THE TASK> Output all of the lines below exactly, and leave out each image.

Source records>
Segment Open

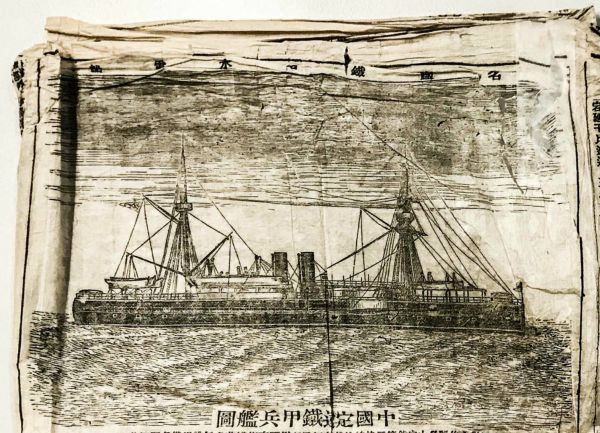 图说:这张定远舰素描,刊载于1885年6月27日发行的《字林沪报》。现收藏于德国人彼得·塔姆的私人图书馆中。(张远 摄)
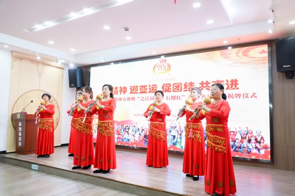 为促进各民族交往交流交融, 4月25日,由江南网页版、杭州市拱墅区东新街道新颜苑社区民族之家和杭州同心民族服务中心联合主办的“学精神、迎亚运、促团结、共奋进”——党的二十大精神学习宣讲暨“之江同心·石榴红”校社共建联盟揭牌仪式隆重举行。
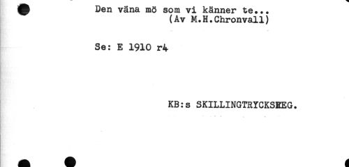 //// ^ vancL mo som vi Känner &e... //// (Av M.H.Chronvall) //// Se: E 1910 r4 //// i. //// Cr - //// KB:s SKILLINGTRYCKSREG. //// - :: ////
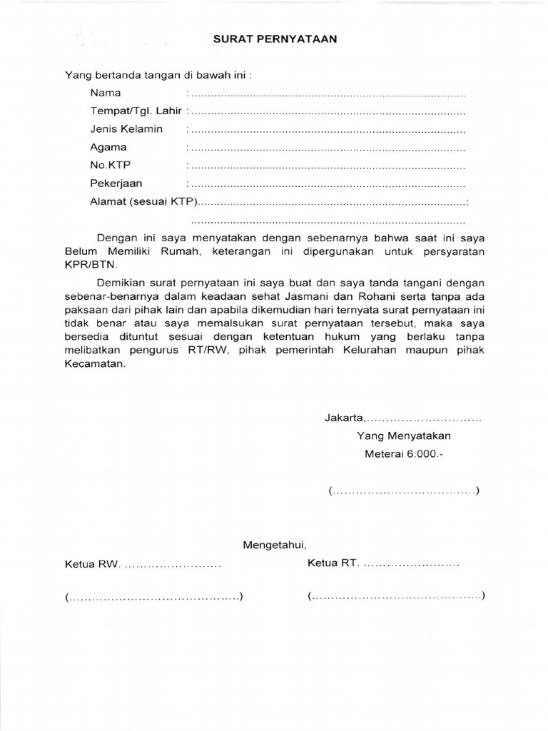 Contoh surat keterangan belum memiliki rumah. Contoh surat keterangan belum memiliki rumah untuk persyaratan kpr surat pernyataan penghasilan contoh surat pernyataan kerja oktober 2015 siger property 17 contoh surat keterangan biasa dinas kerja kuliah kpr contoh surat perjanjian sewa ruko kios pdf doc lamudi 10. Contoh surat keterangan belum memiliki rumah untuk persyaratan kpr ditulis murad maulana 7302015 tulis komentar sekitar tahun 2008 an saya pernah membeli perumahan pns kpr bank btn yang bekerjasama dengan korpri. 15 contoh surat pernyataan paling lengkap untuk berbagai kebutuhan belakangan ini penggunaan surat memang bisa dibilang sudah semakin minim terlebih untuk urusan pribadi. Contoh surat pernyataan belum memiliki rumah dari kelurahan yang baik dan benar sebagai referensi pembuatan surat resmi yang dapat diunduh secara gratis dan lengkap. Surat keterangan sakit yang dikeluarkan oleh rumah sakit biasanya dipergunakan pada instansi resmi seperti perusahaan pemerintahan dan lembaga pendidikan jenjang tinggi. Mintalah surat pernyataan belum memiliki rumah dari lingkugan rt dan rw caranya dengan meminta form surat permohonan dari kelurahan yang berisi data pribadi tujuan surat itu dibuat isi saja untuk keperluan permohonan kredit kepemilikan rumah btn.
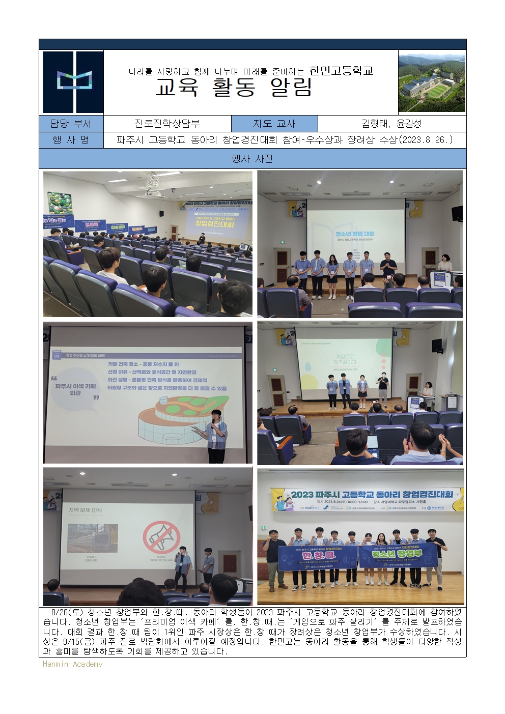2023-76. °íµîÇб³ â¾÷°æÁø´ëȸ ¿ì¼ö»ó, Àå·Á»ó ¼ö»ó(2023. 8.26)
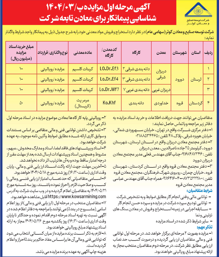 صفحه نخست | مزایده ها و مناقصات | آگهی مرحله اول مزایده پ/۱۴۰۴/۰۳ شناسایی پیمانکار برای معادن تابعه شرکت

Segment Closed

PROBLEM SOLUTION>
 图说:这张定远舰素描,刊载于1885年6月27日发行的《字林沪报》。现收藏于德国人彼得·塔姆的私人图书馆中。(张远 摄)
 为促进各民族交往交流交融, 4月25日,由江南网页版、杭州市拱墅区东新街道新颜苑社区民族之家和杭州同心民族服务中心联合主办的“学精神、迎亚运、促团结、共奋进”——党的二十大精神学习宣讲暨“之江同心·石榴红”校社共建联盟揭牌仪式隆重举行。
 //// ^ vancL mo som vi Känner &e... //// (Av M.H.Chronvall) //// Se: E 1910 r4 //// i. //// Cr - //// KB:s SKILLINGTRYCKSREG. //// - :: ////
 Contoh surat keterangan belum memiliki rumah. Contoh surat keterangan belum memiliki rumah untuk persyaratan kpr surat pernyataan penghasilan contoh surat pernyataan kerja oktober 2015 siger property 17 contoh surat keterangan biasa dinas kerja kuliah kpr contoh surat perjanjian sewa ruko kios pdf doc lamudi 10. Contoh surat keterangan belum memiliki rumah untuk persyaratan kpr ditulis murad maulana 7302015 tulis komentar sekitar tahun 2008 an saya pernah membeli perumahan pns kpr bank btn yang bekerjasama dengan korpri. 15 contoh surat pernyataan paling lengkap untuk berbagai kebutuhan belakangan ini penggunaan surat memang bisa dibilang sudah semakin minim terlebih untuk urusan pribadi. Contoh surat pernyataan belum memiliki rumah dari kelurahan yang baik dan benar sebagai referensi pembuatan surat resmi yang dapat diunduh secara gratis dan lengkap. Surat keterangan sakit yang dikeluarkan oleh rumah sakit biasanya dipergunakan pada instansi resmi seperti perusahaan pemerintahan dan lembaga pendidikan jenjang tinggi. Mintalah surat pernyataan belum memiliki rumah dari lingkugan rt dan rw caranya dengan meminta form surat permohonan dari kelurahan yang berisi data pribadi tujuan surat itu dibuat isi saja untuk keperluan permohonan kredit kepemilikan rumah btn.
2023-76. °íµîÇб³ â¾÷°æÁø´ëȸ ¿ì¼ö»ó, Àå·Á»ó ¼ö»ó(2023. 8.26)
 صفحه نخست | مزایده ها و مناقصات | آگهی مرحله اول مزایده پ/۱۴۰۴/۰۳ شناسایی پیمانکار برای معادن تابعه شرکت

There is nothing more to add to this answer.